A chance encounter with the locally infamous Americana scenester Junebug Jonez, who was deep into a warm and merciless heroin abyss, left her strung out within weeks. He also got her pregnant. Unable to get clean herself and sensing that an end was near, Francis set to rescuing as many fellow addicts as she could, lecturing them, pleading with them, citing herself as an example, and even, at great personal peril, flushing one dealer’s considerable stash down the toilet. At least three users credit McCombe with saving their lives. Less than a month after walking out of yet another rehabilitation facility, Francis took herself out of the game by doing two “Gram Bongs” (a shot of tequila followed by an arm full of morphine) within a 12-hour period. That she was now a member of the ’27 Club’ became a talking point, and no one was certain if her death was intentional or not.

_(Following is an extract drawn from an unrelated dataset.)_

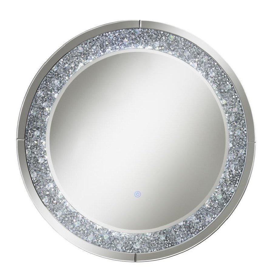 Accentuate your home with this cool, lively decorative wall mirror. The MDF and mirror construction brightens up a front hallway or walk-in closet. The silver hardware finish is highlighted by brilliant crystal accents that deliver glitz and glam. There's also LED lighting around frame to invigorate any space. With its distinctive approach and design, this decorative wall mirror ensures you always look your best.
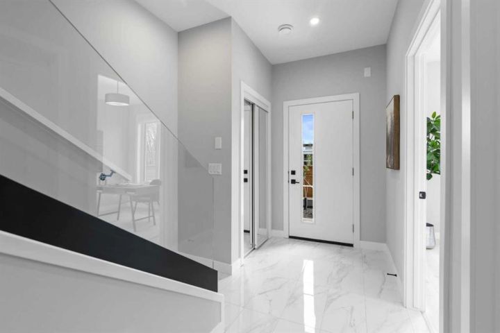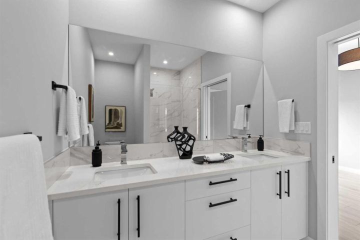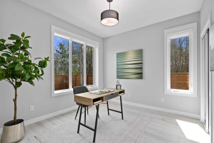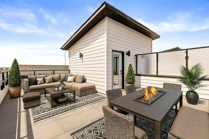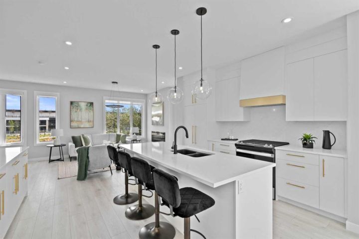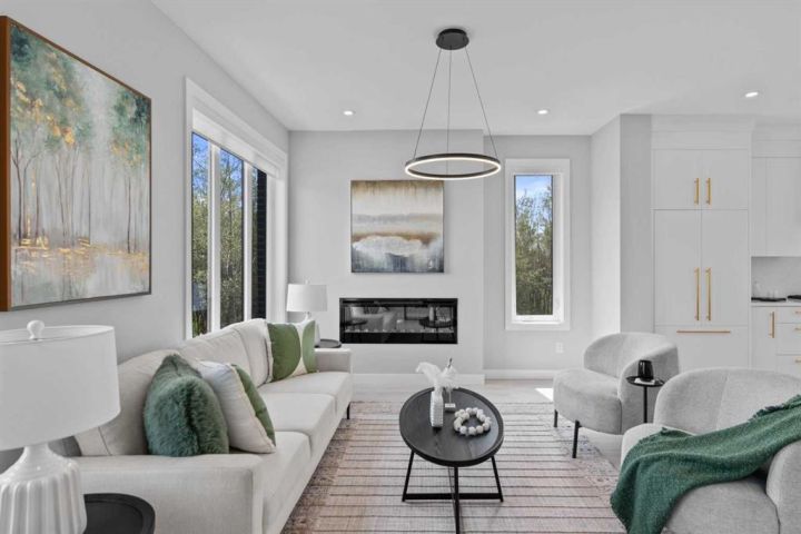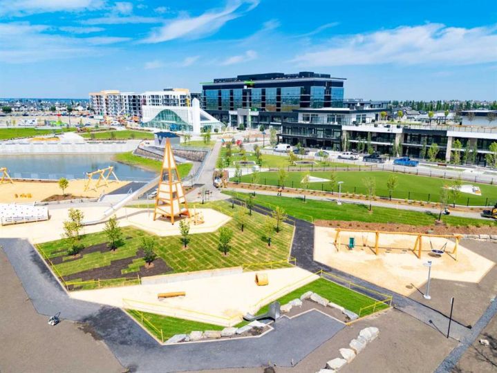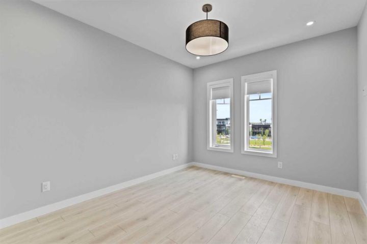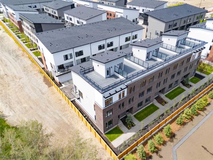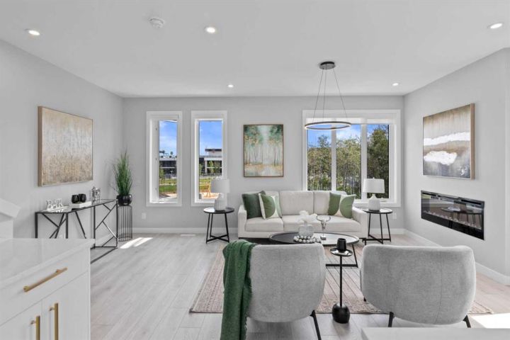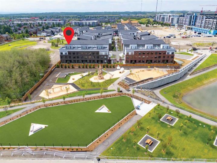 Brand new and never occupied, this executive end-unit townhome in the District Townhomes by Truman offers upscale living with premium finishes and exceptional outdoor space. The open-concept main floor is filled with natural light from the southwest-facing balcony and features wide-plank flooring, lofty ceilings, and a chef-style kitchen with full-height cabinetry, quartz countertops, gas range, built-in microwave, refrigerator, and a large island with breakfast bar. The spacious dining area opens to the balcony, while the living room is anchored by a sleek 50" electric fireplace. Upstairs, you'll find two large bedrooms, each with walk-in closets and private ensuite baths, plus convenient upper-floor laundry. The entry-level flex room—perfect for a home office or guest bedroom—is accessible from both the front entrance and the heated double garage. One of the few units in the development to include a private rooftop patio, this home offers 270° views—ideal for entertaining or enjoying sunset evenings. Located in a quiet, private setting, this townhome combines modern design with low-maintenance luxury living. Roughed-in for security, vacuflo, air conditioning and home networking. West District is a dynamic and trendy neighbourhood that offers a rich shopping and dining experience. Enjoy local shops, restaurants, grocery, fitness, and medical services. Featuring a focus on pedestrians, the main streets highlight twenty foot wide sidewalks complete with integrated walkway and bike paths. In the heart of West District is the central Radio Park featuring a recreation area with a basketball court, skatepark, amazing new playground, ice skating in the winter, summertime farmer’s marekts and events, live concerts and festivals at the outdoor amphitheatre and much more. Located just 15 minutes from downtown Calgary, 5 minutes from top public and private schools, and 45 minutes to Canmore,

For a short time after she died, a few of her local devotees would attempt to sing “Dark Alleys,” McCombe’s most popular song and the only one released in her lifetime*. Performing it around backyard campfires and living rooms, the opening line, “Bang me big hammer like it’s the first day of the war,” always provoked nervous laughter among those gathered.
Her mother, with whom she had remained close throughout all the ups and mostly downs, had her body cremated and scattered over a beach outside Cape Fear, a favorite place from childhood.
*On the NPR compilation album Folkscene (2015); it actually received a few spins on WMOT, garnering a small cult of admirers.